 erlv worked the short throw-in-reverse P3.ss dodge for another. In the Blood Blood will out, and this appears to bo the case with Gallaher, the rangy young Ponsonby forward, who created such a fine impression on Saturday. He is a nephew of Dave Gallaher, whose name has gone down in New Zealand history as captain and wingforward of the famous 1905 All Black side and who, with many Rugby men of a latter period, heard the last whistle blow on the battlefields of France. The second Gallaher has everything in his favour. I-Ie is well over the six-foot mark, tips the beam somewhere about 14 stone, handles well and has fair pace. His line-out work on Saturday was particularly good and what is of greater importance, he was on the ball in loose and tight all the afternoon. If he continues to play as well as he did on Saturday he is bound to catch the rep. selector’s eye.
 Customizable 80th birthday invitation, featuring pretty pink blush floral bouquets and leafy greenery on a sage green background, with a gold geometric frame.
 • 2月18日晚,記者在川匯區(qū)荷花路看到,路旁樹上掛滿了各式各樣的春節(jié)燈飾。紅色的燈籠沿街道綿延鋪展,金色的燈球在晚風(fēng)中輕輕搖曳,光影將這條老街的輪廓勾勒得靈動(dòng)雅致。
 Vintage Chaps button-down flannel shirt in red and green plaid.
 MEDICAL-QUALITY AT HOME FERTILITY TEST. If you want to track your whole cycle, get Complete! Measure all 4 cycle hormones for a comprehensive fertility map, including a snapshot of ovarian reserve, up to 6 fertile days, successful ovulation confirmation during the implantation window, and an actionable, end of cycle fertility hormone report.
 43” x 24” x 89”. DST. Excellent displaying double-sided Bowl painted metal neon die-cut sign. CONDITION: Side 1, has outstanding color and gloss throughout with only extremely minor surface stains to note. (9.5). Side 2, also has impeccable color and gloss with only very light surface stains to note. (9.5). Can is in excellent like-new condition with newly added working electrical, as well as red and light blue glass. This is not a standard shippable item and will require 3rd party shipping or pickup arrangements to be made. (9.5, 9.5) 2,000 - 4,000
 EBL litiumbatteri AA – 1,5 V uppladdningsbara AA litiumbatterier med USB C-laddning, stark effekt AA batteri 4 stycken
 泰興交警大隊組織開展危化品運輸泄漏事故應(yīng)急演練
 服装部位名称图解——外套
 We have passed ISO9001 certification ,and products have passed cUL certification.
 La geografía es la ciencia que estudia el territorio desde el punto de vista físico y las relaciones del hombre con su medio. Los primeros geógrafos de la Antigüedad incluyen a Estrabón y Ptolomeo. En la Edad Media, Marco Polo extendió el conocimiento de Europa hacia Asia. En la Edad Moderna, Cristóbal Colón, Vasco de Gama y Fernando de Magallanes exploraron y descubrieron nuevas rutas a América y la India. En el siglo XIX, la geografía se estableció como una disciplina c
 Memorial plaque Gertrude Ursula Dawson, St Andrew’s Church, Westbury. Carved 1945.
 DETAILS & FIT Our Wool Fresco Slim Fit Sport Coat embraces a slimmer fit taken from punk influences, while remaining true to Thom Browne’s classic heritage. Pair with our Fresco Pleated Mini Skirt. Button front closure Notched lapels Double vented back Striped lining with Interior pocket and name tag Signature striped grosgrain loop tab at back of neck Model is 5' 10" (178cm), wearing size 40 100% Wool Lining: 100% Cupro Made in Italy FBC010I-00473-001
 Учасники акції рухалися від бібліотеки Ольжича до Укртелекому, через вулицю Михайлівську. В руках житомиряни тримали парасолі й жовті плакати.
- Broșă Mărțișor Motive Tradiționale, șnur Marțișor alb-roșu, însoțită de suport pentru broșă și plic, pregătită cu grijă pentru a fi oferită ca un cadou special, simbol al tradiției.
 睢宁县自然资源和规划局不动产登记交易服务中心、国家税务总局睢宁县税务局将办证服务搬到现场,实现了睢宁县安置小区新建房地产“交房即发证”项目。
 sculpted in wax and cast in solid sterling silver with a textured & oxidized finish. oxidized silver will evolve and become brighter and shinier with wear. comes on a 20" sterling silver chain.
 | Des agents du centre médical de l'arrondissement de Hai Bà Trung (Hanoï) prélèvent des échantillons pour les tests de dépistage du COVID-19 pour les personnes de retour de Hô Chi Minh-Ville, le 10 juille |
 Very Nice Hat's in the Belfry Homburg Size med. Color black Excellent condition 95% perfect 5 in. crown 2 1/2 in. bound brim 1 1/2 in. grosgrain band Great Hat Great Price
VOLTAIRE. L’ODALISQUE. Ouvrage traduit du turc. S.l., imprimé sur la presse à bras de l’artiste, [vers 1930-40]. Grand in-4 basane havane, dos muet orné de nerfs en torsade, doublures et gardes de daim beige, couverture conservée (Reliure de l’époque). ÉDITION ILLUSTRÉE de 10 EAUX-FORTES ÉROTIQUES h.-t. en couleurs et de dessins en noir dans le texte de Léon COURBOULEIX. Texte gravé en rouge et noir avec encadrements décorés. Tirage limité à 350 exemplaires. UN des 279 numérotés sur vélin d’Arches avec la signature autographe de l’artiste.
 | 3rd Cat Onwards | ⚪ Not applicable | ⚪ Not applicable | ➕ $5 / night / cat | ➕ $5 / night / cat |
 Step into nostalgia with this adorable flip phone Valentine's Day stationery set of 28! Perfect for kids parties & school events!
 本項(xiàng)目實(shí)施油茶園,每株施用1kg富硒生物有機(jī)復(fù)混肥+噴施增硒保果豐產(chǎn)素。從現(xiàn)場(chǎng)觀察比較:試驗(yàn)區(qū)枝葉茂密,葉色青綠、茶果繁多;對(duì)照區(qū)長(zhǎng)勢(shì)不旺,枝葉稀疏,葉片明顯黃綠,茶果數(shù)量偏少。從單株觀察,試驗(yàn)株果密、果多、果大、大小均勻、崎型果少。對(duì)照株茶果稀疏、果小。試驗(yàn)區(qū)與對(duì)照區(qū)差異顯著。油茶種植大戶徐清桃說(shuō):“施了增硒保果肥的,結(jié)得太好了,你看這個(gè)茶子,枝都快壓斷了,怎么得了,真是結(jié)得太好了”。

_ _ _ _

• THE TASK: Determine how many lines of the listing hold the word "green" and reply with that figure alone.

• WRITTEN ANSWER: 2